*DATASET SECTION*.
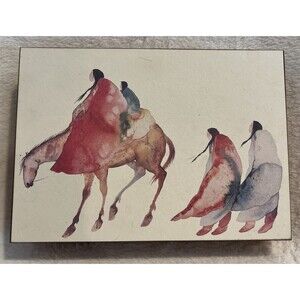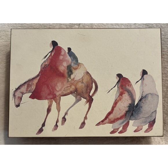 The Carol Grigg Native American Art red Velvet Lined Cedar Box/jewelry box is a beautifully crafted wooden jewelry box featuring a multicolor design. The box has dimensions of 2 1/2 x 9 x 7 inches, making it the perfect size for storing small items like jewelry or other trinkets. The red velvet lining adds a luxurious touch to the box, while the cedar material provides a subtle aroma. This unique piece combines beauty and functionality, making it a great addition to any home decor. This piece is in amazing condition with no chips or nicks in the wood.
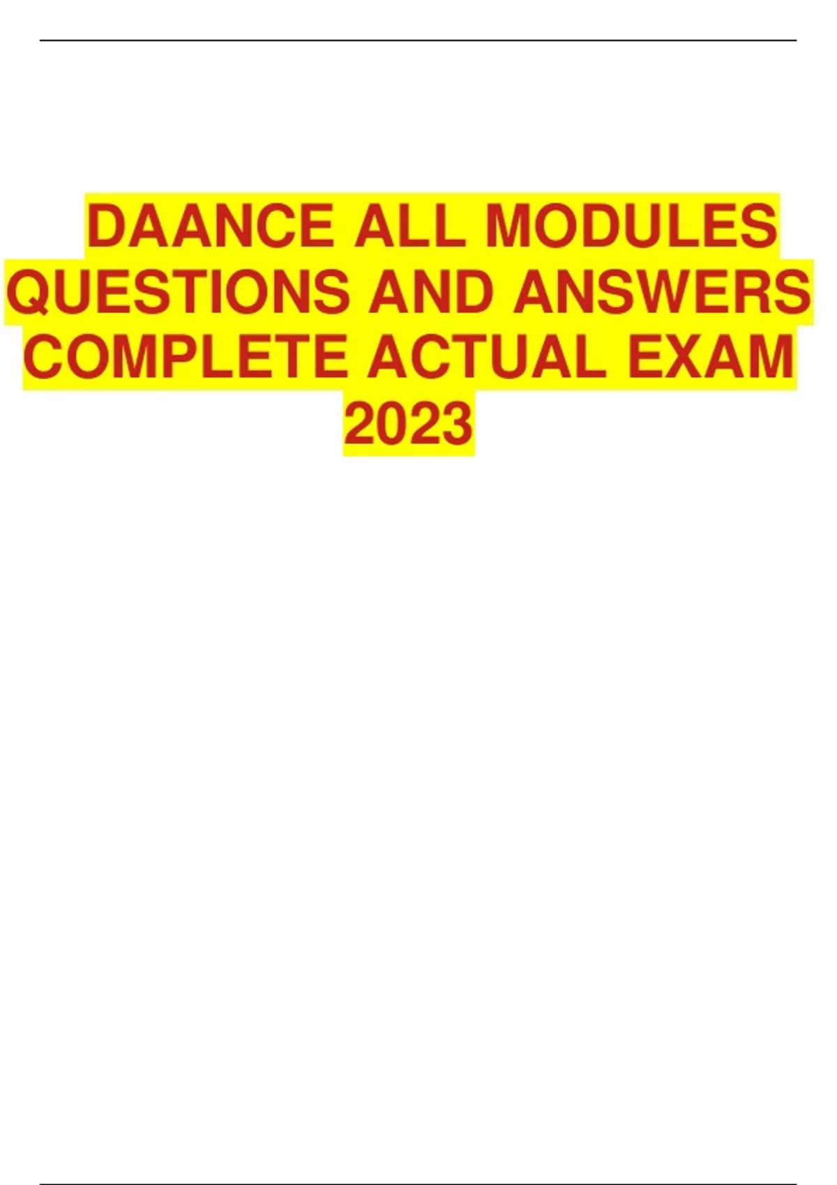 DAANCE ALL MODULES QUESTIONS AND ANSWERS COMPLETE ACTUAL EXAM 2023
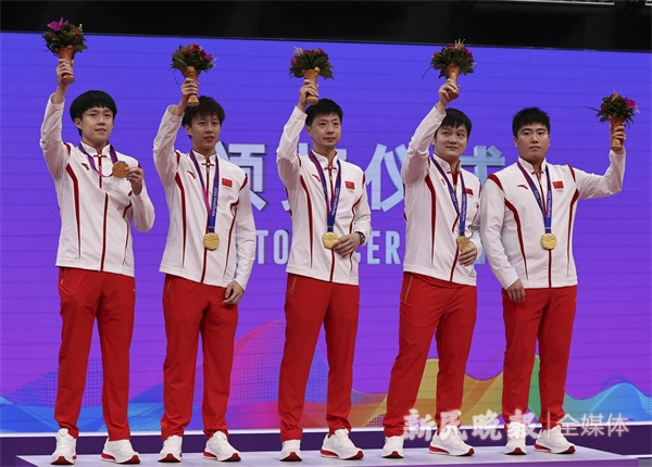 图说:男团夺冠 新民晚报记者 李铭珅 摄(下同)

*WORK TO BE COMPLETED*.
The answer must be the full listing above, copied exactly, with no pictures in it.

*SOLUTION FOR THIS EXERCISE*.
 The Carol Grigg Native American Art red Velvet Lined Cedar Box/jewelry box is a beautifully crafted wooden jewelry box featuring a multicolor design. The box has dimensions of 2 1/2 x 9 x 7 inches, making it the perfect size for storing small items like jewelry or other trinkets. The red velvet lining adds a luxurious touch to the box, while the cedar material provides a subtle aroma. This unique piece combines beauty and functionality, making it a great addition to any home decor. This piece is in amazing condition with no chips or nicks in the wood.
 DAANCE ALL MODULES QUESTIONS AND ANSWERS COMPLETE ACTUAL EXAM 2023
 图说:男团夺冠 新民晚报记者 李铭珅 摄(下同)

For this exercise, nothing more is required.